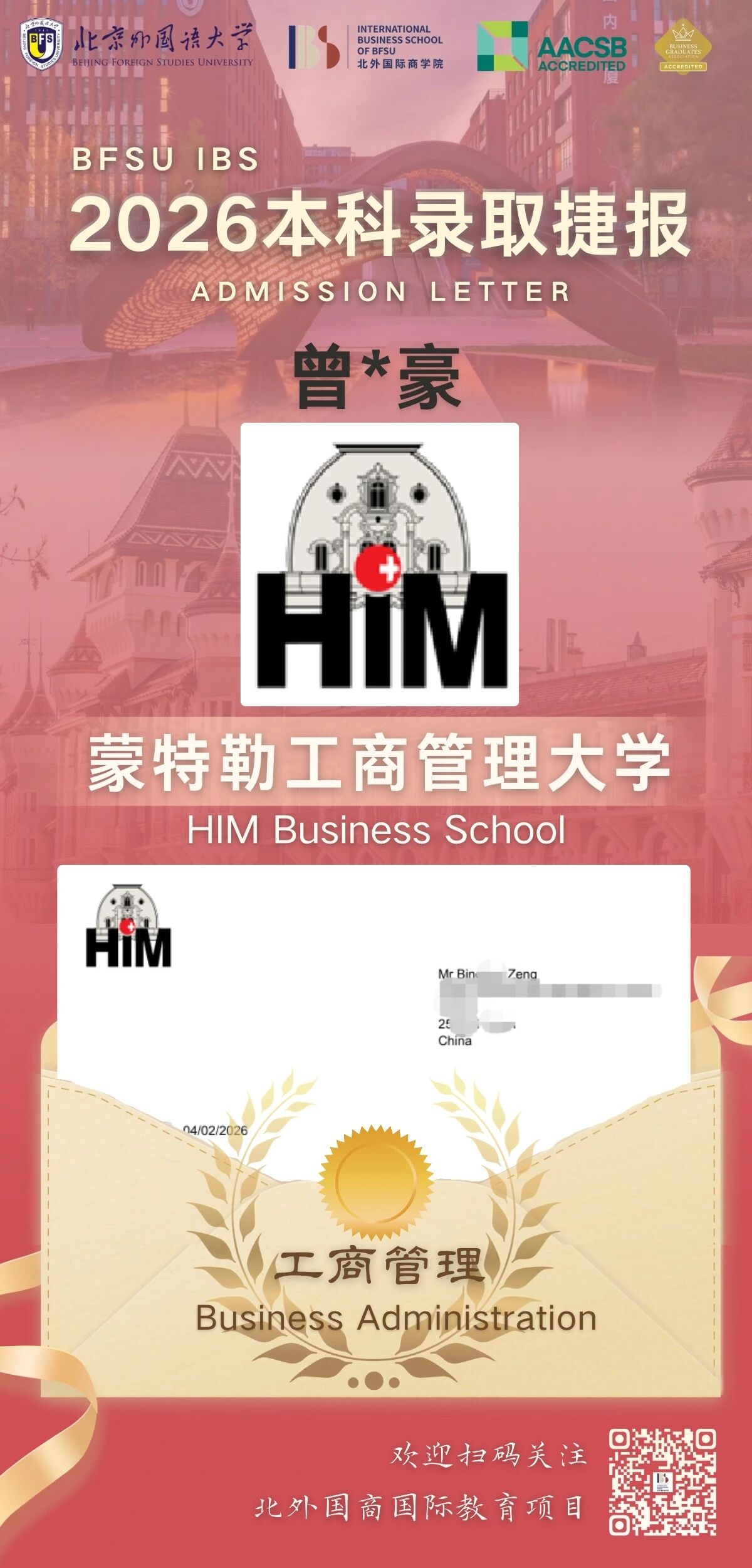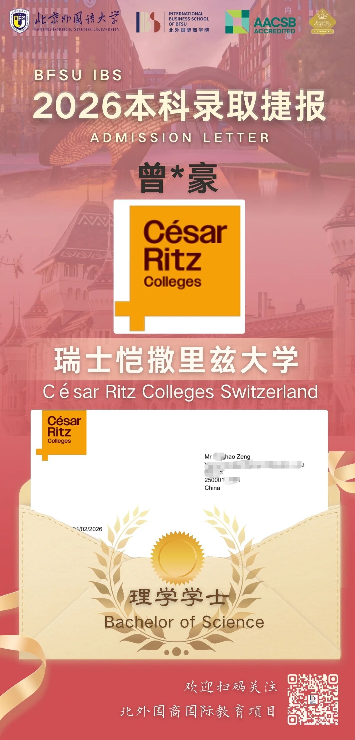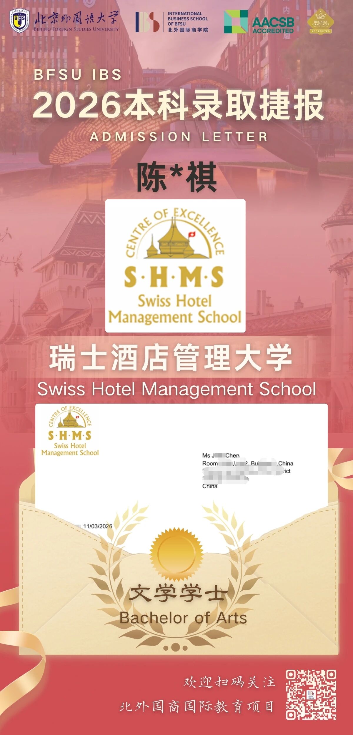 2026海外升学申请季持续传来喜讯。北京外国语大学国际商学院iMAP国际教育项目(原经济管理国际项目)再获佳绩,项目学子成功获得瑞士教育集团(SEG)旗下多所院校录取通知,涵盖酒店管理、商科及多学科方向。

^^^^^^^^^^^^^^^^

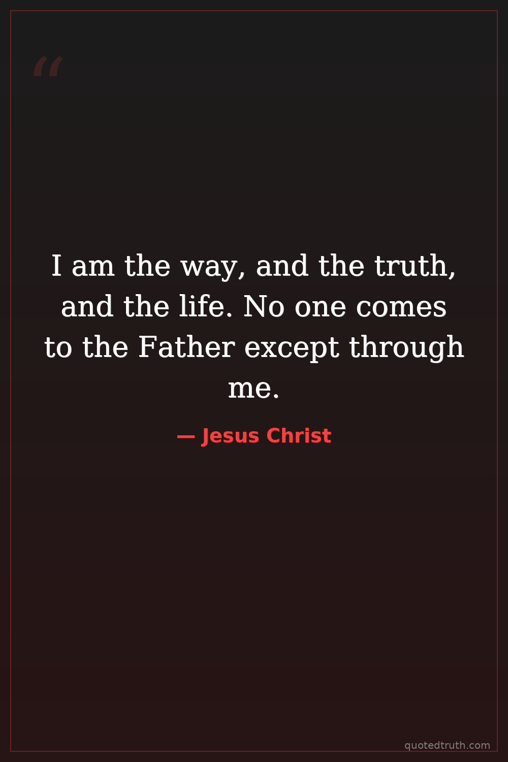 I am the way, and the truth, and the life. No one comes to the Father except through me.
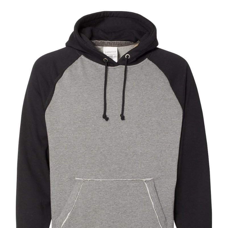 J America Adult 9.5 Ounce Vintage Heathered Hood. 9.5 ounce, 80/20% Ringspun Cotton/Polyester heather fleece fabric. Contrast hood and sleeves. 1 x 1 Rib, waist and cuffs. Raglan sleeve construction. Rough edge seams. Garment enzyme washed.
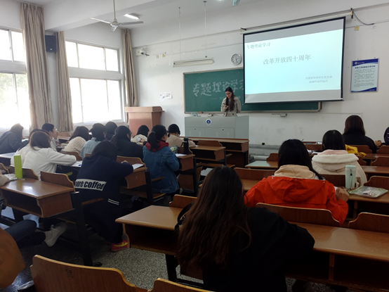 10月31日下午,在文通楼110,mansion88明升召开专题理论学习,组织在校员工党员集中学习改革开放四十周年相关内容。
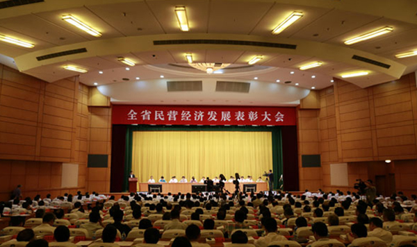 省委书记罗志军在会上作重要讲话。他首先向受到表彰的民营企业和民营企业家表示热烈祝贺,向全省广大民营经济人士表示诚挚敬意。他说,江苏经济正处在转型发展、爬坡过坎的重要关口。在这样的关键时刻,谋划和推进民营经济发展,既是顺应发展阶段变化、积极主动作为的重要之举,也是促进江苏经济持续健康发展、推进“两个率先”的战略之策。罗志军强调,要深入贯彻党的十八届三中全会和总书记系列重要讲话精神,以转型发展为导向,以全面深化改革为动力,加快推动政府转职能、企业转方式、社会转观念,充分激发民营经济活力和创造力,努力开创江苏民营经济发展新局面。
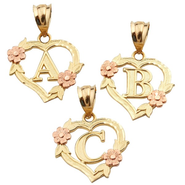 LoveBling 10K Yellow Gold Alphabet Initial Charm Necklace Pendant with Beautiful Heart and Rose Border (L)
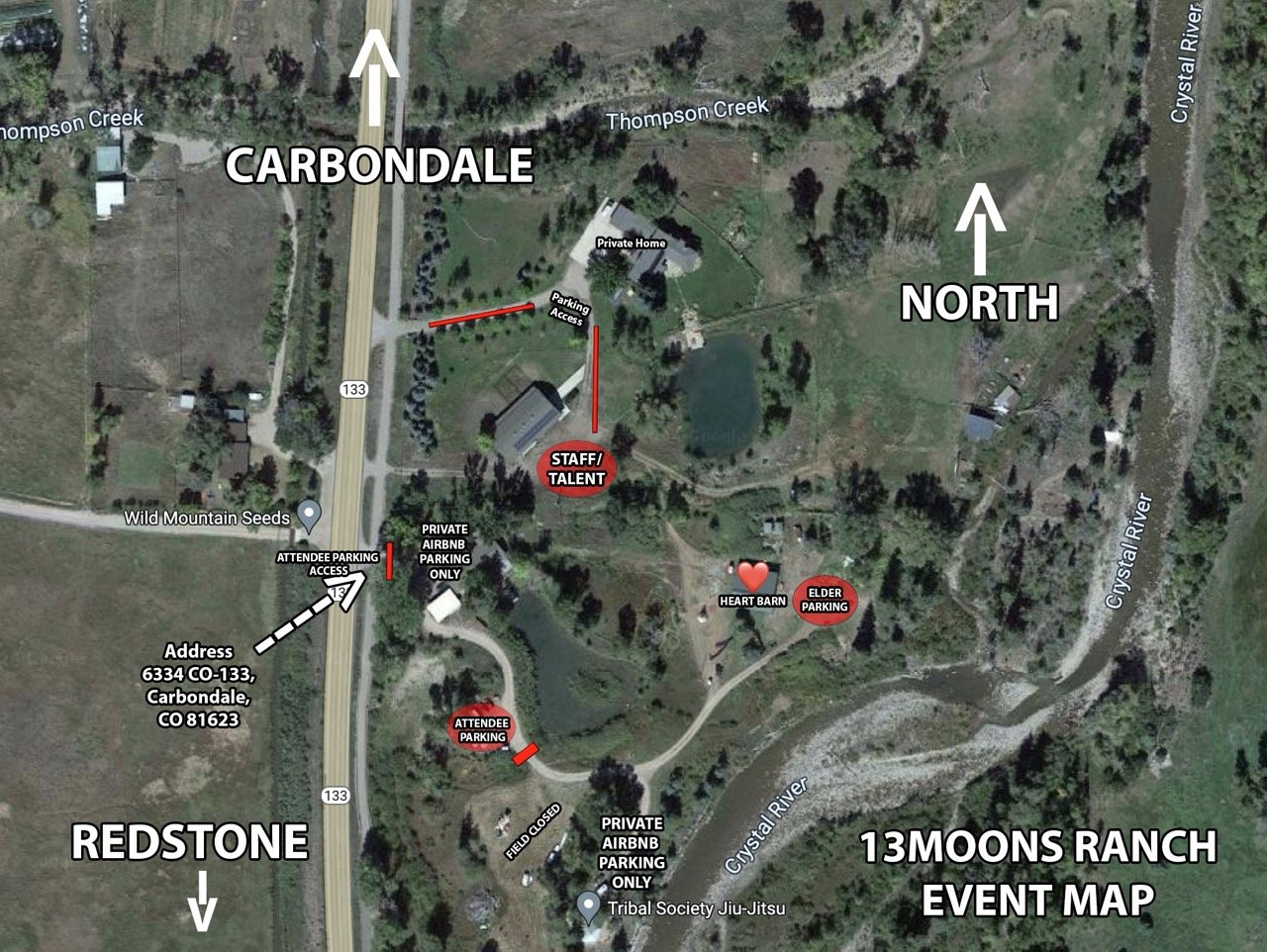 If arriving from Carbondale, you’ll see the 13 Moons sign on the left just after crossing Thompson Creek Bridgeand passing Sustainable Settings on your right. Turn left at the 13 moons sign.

^^^^^^^^^^^^^^^^

[REQUIRED WORK] Only the lines starting at the one that includes "I am the way, and" and ending at the one that includes "10月31日下午,在文通楼1" should be retyped, exactly, from the records above; no pictures.

[TASK RESULT]
 I am the way, and the truth, and the life. No one comes to the Father except through me.
 J America Adult 9.5 Ounce Vintage Heathered Hood. 9.5 ounce, 80/20% Ringspun Cotton/Polyester heather fleece fabric. Contrast hood and sleeves. 1 x 1 Rib, waist and cuffs. Raglan sleeve construction. Rough edge seams. Garment enzyme washed.
 10月31日下午,在文通楼110,mansion88明升召开专题理论学习,组织在校员工党员集中学习改革开放四十周年相关内容。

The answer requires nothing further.